The data is being prepared from 100hz triaxial accelerometer signals. I am not preprocessing the data in any way except for windowing it into bins on length 10 that overlap with the previous bin by 50%. What measures can I take to make the network produce actual predictions? I have tried increasing the window size but the results remain the same. Any advice/general tips are greatly appreciated.
Ian
Try adding some hidden layers and dropout layers to your network. You could create a simple Multi Layer Perceptron (MLP) with a couple of extra lines in between your Flatten layer and Dense layer:
model.add(Dense(64, activation='relu', input_dim=30))
model.add(Dropout(0.25))
model.add(Dense(64, activation='relu'))
model.add(Dropout(0.1))
Or check out this guide. which explains how to create a simple MLP.
Without any hidden layers your model will not actually be 'learning' from the input data, rather it will be mapping the input number of features to the output number of features.
The more layers you add, the more intermediate features and patterns it should extract from the input data which should lead to better model predictions for test data. There will be a lot of trial and error to design the best model as too many layers can result in over fitting.
You have not provided information about how you train the model so that may be the cause of the issue as well. You must ensure that the data is spit into training, testing and validation sets. Some possible split ratios to use for training, validation, test data are: 60%:20%:20%, or 70%:15%:15%. This is ultimately something that you must also decide.
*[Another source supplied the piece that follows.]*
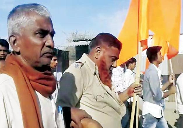 A mob had allegedly beaten up Assistant Sub-Inspector Yunus Shaikh (57) and manhandled his colleague K Awaskar when they prevented them from putting up the flag at a controversial spot in Pangaon village.
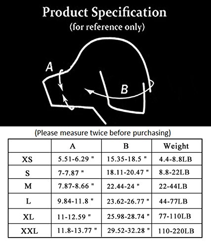 Studio : Avivnor Publisher : Avivnor Binding : Misc. Product Description Soft Comfortable Leather Dog Muzzle, Allows Drinking and Eating Worry about the dogs barking in public? Worry about your dog eating garbage in the street? Worry about your aggressive dog biting pedestrians or children? Then you need our durable leather dog muzzle which can help you solve all these problems! Brand: Avivnor Material: Leather Package: 1XPet Muzzle Color: Black, Brown Size? XS: Suitable for pet 6.6-22 (2-4KG/4.4-8.8LB) S: Suitable for pet 6.6-22 (4-10KG/8.8-22LB) M: Suitable for pet 22-55 (10-20KG/22-44LB) L: Suitable for pet 55-77 (20-35KG/44-77LB) XL:Suitable for pet 77-99 (35-50KG/77-110LB) XXL:Suitable for pet 77-99 (50-100KG/110-220LB) Please measure your dog's snout to choose the correct muzzle size you need refer to our SIZE CHART. To let your dog not pulling it off easily, you better use this muzzle with a collar (package not include the collar) Advice for Care Instructions Do not over tighten Dog training purposes only Short term use only Hand Wash Only, do not put in washing machine or dryer. Discontinue use if there are any signs of suffocation, breathing abnormally, irritation, discomfort About Product Picture: 1. 0-1in. error of measuring is a reasonable range due to different measurment. 2. Please allow little color difference due to different camera or light environment. If you have any question, please contact us!

The problem of overfitting was caused by the input data type. The values passed to the classifier should have been float values with 2 decimal places. Somewhere along the way, some of these values had been augmented and had significantly more than 2 decimal places. That is, the input should have looked like
[9.81, 10.22, 11.3]
but instead looked like
[9.81000000012, 10.220010431, 11.3000000101]
The classifier was making its prediction based on this feature, which is obviously not the desired behavior! Lessoned learned - make sure the data preparation is consistent! Thanks to #umutto for the suggestions of random forests, the simple structure was helpful for diagnosing purposes.